Data segment:
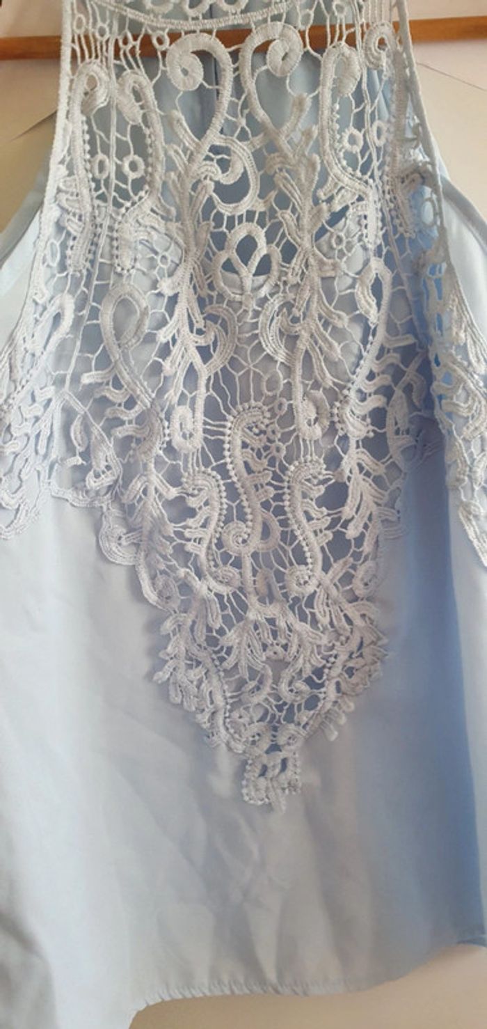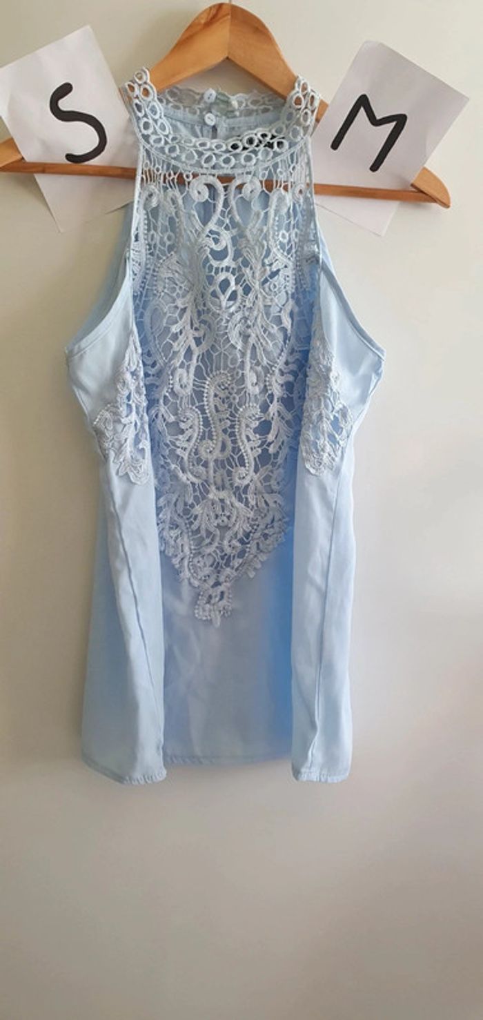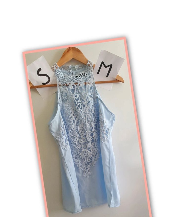 Top léger femme maillot t-shirt débardeur taille s/m Bleu clair avec dentelle #ann010203_femme_tailleS_36 #ann010203_femme_tailleM_38
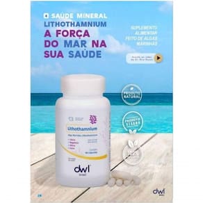 LITHOTHANIUM 90 cápsulas INFORMAÇÃO NUTRICIONAL: PORÇÃO DE 3 G. VALOR ENERGÉTICO 0 KCAL / KJ (- %VD); CÁLCIO 960 MG (96 %VD); MAGNÉSIO 75 MG (30 %VD); FERRO5,0 MG (36 %VD); SILÍCIO 19,5 MG (- %VD). NÃO CONTÉM QUANTIDADES SIGNIFICATIVAS DE CARBOIDRATOS, PROTEÍNAS, GORDURAS TOTAIS, GORDURAS SATURADAS, GORDURAS TRANS, FIBRA ALIMENTAR E SÓDIO. (*) % VALORES DIÁRIOS COM BASE EM UMA DIETA DE 2.000 KCAL E 8.400 KJ. SEUS VALORES DIÁRIOS PODEM SER MAIORES OU MENORES, DEPENDENDO DE SUAS NECESSIDADES ENERGÉTICAS. ; RECOMENDAÇÕES DE USO: INGERIR UMA CÁPSULA TRÊS VEZES AOS DIA, COM BASTANTE LÍQUIDO E, PREFERENCIALMENTE, DE ESTÔMAGO VAZIO. ; INGREDIENTES: ALGA MARINHA DO GÊNERO LITHOTHAMNIUM E CÁPSULAS VEGETAIS. NÃO CONTÉM GLÚTEN ALÉRGICOS: PESSOAS ALÉRGICAS A PEIXES E CRUSTÁCEOS SÓ DEVEM CONSUMIR SOB ACOMPANHAMENTO MÉDICO. ; CONSERVAR AO ABRIGO DE LUZ, CALOR E UMIDADE. ; ESTA EMBALAGEM FOI SELADA PARA SUA PROTEÇÃO. NÃO UTILIZE O PRODUTO EM CASO DE VIOLAÇÃO. ; ESTE PRODUTO NÃO É INDICADO PARA GESTANTES, NUTRIZES (MÃES QUE AMAMENTAM) E CRIANÇAS. CONSUMIR PREFERENCIALMENTE SOB ORIENTAÇÃO DE MÉDICO OU NUTRICIONISTA. ; O USO DESTE PRODUTO NÃO SUBSTITUI CUIDADOS DO PROFISSIONAL DE SAÚDE DE SUA CONFIANÇA.
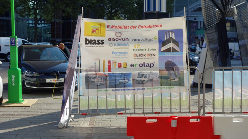 von 32: Die Plakatankündigung zeigt, mit welcher Professionalität der E-Mobile-Parcour betrieben wurde. Immerhin saß ein Händler, Brass im Boot.

Work instructions: Write out the material above once more, word for word. Images stay out.

Exercise output:
 Top léger femme maillot t-shirt débardeur taille s/m Bleu clair avec dentelle #ann010203_femme_tailleS_36 #ann010203_femme_tailleM_38
 LITHOTHANIUM 90 cápsulas INFORMAÇÃO NUTRICIONAL: PORÇÃO DE 3 G. VALOR ENERGÉTICO 0 KCAL / KJ (- %VD); CÁLCIO 960 MG (96 %VD); MAGNÉSIO 75 MG (30 %VD); FERRO5,0 MG (36 %VD); SILÍCIO 19,5 MG (- %VD). NÃO CONTÉM QUANTIDADES SIGNIFICATIVAS DE CARBOIDRATOS, PROTEÍNAS, GORDURAS TOTAIS, GORDURAS SATURADAS, GORDURAS TRANS, FIBRA ALIMENTAR E SÓDIO. (*) % VALORES DIÁRIOS COM BASE EM UMA DIETA DE 2.000 KCAL E 8.400 KJ. SEUS VALORES DIÁRIOS PODEM SER MAIORES OU MENORES, DEPENDENDO DE SUAS NECESSIDADES ENERGÉTICAS. ; RECOMENDAÇÕES DE USO: INGERIR UMA CÁPSULA TRÊS VEZES AOS DIA, COM BASTANTE LÍQUIDO E, PREFERENCIALMENTE, DE ESTÔMAGO VAZIO. ; INGREDIENTES: ALGA MARINHA DO GÊNERO LITHOTHAMNIUM E CÁPSULAS VEGETAIS. NÃO CONTÉM GLÚTEN ALÉRGICOS: PESSOAS ALÉRGICAS A PEIXES E CRUSTÁCEOS SÓ DEVEM CONSUMIR SOB ACOMPANHAMENTO MÉDICO. ; CONSERVAR AO ABRIGO DE LUZ, CALOR E UMIDADE. ; ESTA EMBALAGEM FOI SELADA PARA SUA PROTEÇÃO. NÃO UTILIZE O PRODUTO EM CASO DE VIOLAÇÃO. ; ESTE PRODUTO NÃO É INDICADO PARA GESTANTES, NUTRIZES (MÃES QUE AMAMENTAM) E CRIANÇAS. CONSUMIR PREFERENCIALMENTE SOB ORIENTAÇÃO DE MÉDICO OU NUTRICIONISTA. ; O USO DESTE PRODUTO NÃO SUBSTITUI CUIDADOS DO PROFISSIONAL DE SAÚDE DE SUA CONFIANÇA.
 von 32: Die Plakatankündigung zeigt, mit welcher Professionalität der E-Mobile-Parcour betrieben wurde. Immerhin saß ein Händler, Brass im Boot.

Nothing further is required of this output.